Cedilla design options - Verdana style

Adam LaddAdam Ladd Posts: 159
edited November 21 in Technique and Theory
I know this has been discussed in some ways before, but I've run across another cedilla design that I wasn't as familiar with in Verdana. It's almost like a flip of the ogonek (sorry for the small image):

I'm used to seeing the more "traditional" design or one that is more like a comma, so I'm wondering how this registers to others... is it an acceptable design?

I ask in part because I'm working on a display font that is meant to be tightly spaced and stacked, so I'm trying to keep descenders as short as possible, and this approach may work better (particularly in the heaviest weights).


  • Don't know about cedilla, but the ogonek is slightly terrible :#
  • My gut feeling is also that the cedilla isn't great... the connection far to the right looks strange to me. Any native readers?
  • Native reader here. This cedilla is very bad.
  • The Scandinavian folks will probably also confirm that the connecting ring is not the preferred solution. While we're at it.
  • Adam LaddAdam Ladd Posts: 159
    Appreciate the feedback. Would this type of cedilla be helped some if the vertical stroke were angled toward the center more (like below)?

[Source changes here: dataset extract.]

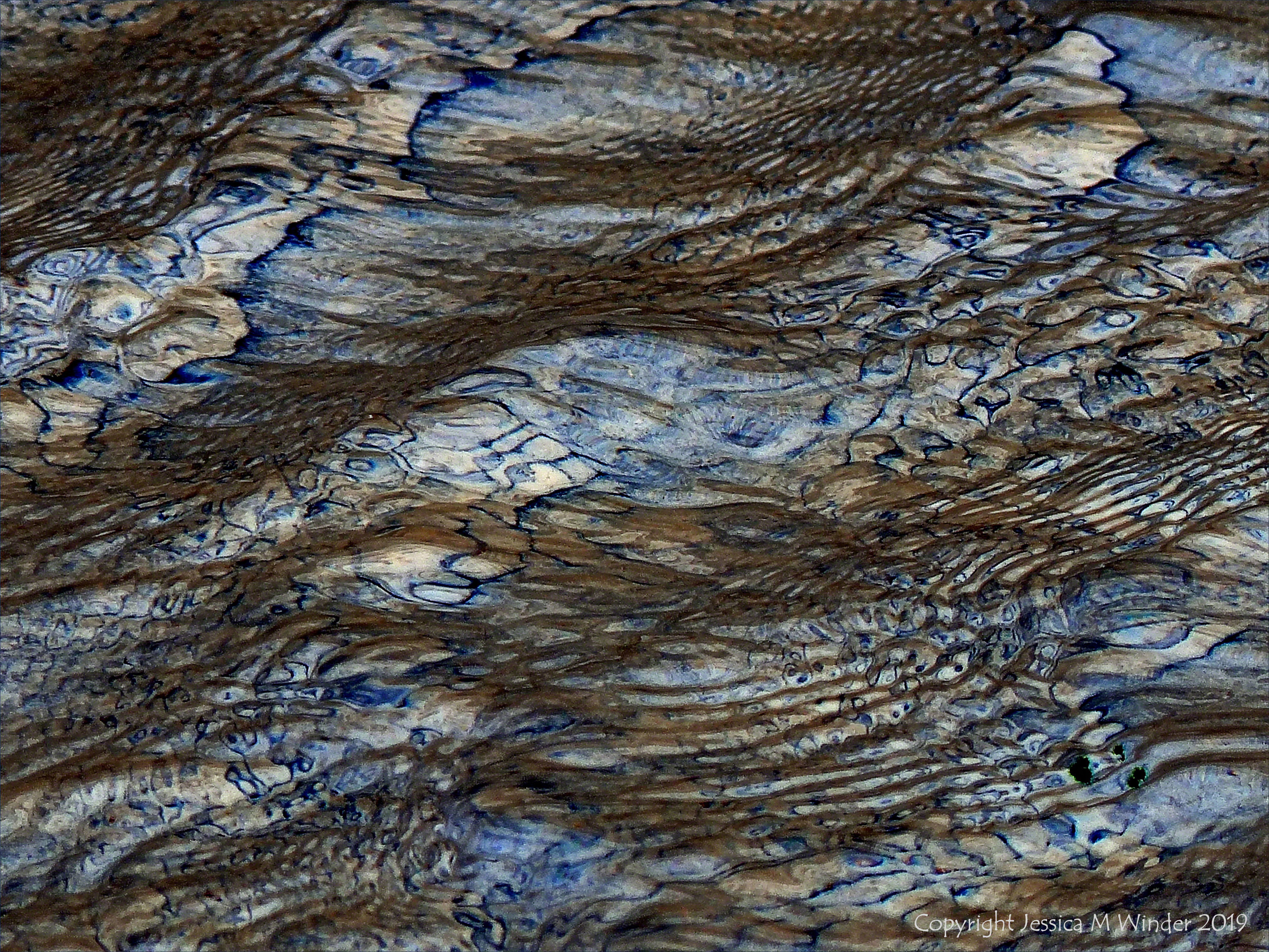 Water Study 3 – One of a long series of digitally re-coloured photographs of the ever-changing patterns of reflected light on shallow ripples at the water’s edge on the beach at Rhossili Bay in Gower, South Wales.

    Or is it still not a good option for native readers?
  • Native speaker here :smile: 

    ccedillla is quite common in portuguese and used in basic words like 'cabeça' (head), 'maçã' (apple), 'Terça' (tuesday) and many others. As in French, the cedilla is a diacritic, but other languages may have a different usage... as far as I understand, "ç" and /scedilla are actual letters of the Turkish alphabet. 

    My personal preference is the "little zed" shape, mostly because I'm more used to read it. But I don't know what is more usual for other languages other than portuguese. I'd design the seminal "zed" shape, for text fonts at least. But the cedilla from Verdana is ok and quite a few fonts use it (you can check here -- click on "view all")

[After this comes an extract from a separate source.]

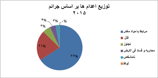 در سال ۲۰۱۵ اکثریت اعدام‌ها برای جرائم مرتبط با مواد مخدر بوده است. مانند ۳ سال گذشته قتل عمد دومین رتبه در اجرای مجازات اعدام به خود اختصاص داده است.

    The problem with Verdana is the position of the cedilla, which is unbalanced, pretty much like the ogonek is. The last image you sent feels much better.
  • Adam LaddAdam Ladd Posts: 159
    edited November 22
    Very helpful feedback, as well as the link, thank you @Rafael Saraiva

    A quick look at the first few fonts listed on that site shows already some that use this style (with the vertical stroke angled)—Bitstream Vera Sans and Calibri...

    I would lean towards the more traditional design for a text face as well, but figured there may be a little more liberty with display fonts.